THE announcement that Leith has been identified as the home of a major film and television studio for Scotland demonstrates a complete failure of the so-called creative imagination (News, December 7).
The majority of Scots appreciate the need to maximise the potential of the leisure and creative industries which command an increasing share of the national economy.
The decision to site this facility in the overheated Edinburgh area is dreadful and utterly regressive, both in terms of initial investment cost and subsequent economic act.
Not only will this capture an even larger share will not only allow more public as well as private resources into the area which least requires it, but it will impose further burdens on the Capital itself, for example, travel congestion, house prices, labour shortages and more.
This is merely the latest in a long line of short-sighted decisions to centralise facilities and investment. For example, HMRC’s centralisation of Scottish jobs in New Waverley last year and going back to the Scottish Parliament and brand new Scottish Government buildings, also in Leith.
Has the Scottish Government learned nothing from the devastating imbalance that overcentralising the UK in London has created? It has distorted the economy, denied vital opportunities to other areas and yet continues to greedily consume much higher levels of public investment than any other part of the country.
This locational choice also carries huge opportunity cost, denying the economic boost to many post-industrial areas which are increasingly deprived and left behind. My own former mining community of Levenmouth is falling further behind.

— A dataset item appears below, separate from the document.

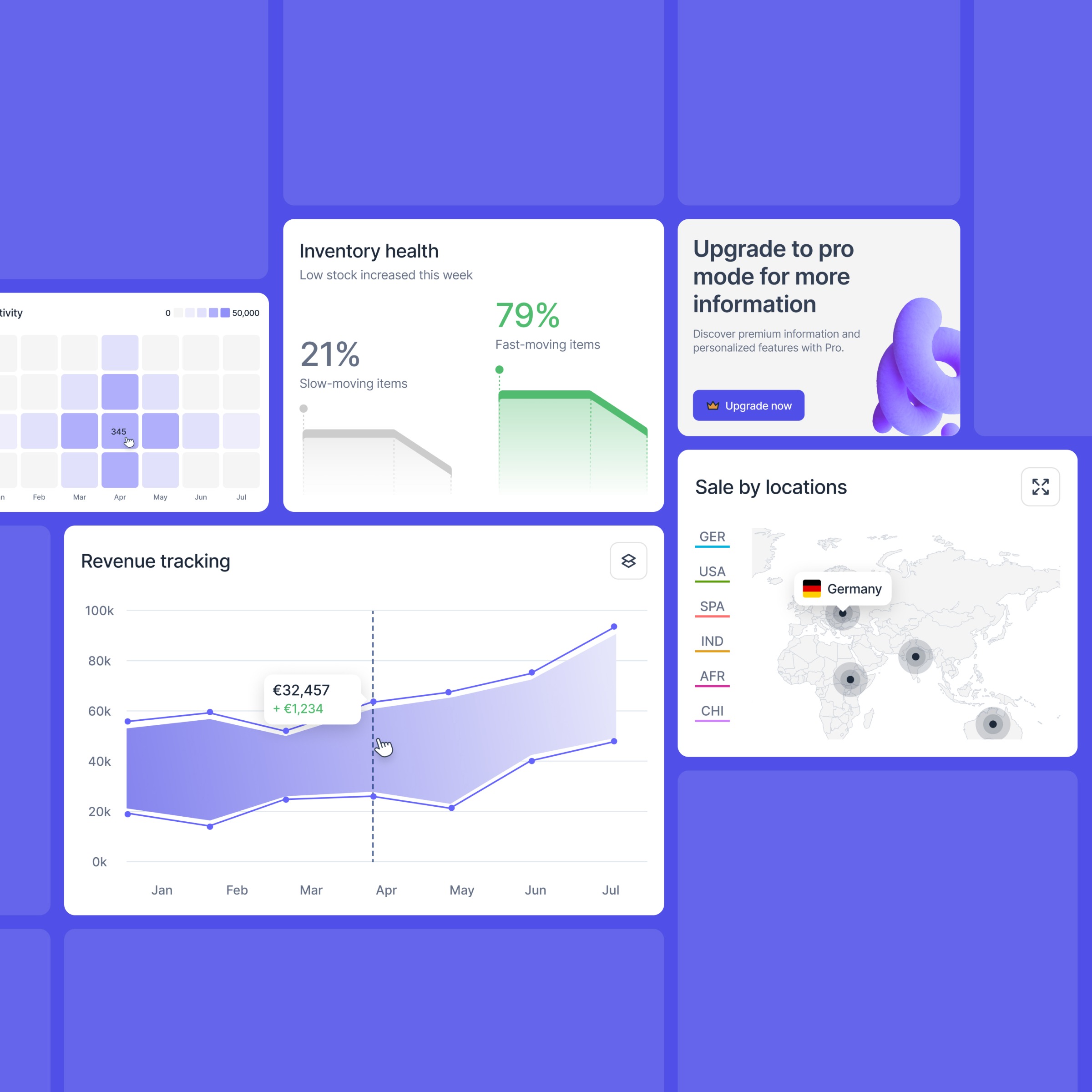 A clean, data-driven dashboard designed to turn complex metrics into instant clarity. Clear visual hierarchy, soft cards, and intuitive charts help teams track inventory health, revenue growth, and sales locations at a glance without overwhelm. Built for fast decisions, not just data display.

We can see Leith clearly across the Forth and we have large industrial sites available and more unemployed. Yet only 2% of working age adults here are employed in Edinburgh because we are denied the modest investment to reopen the short stretch of mothballed railway line.
If not here then many other struggling post-industrial areas in Lanarkshire or Ayrshire are much more deserving of such investment and redistribution would benefit the entire economy.
Stuart McIntosh, Kirkland Walk, Methil.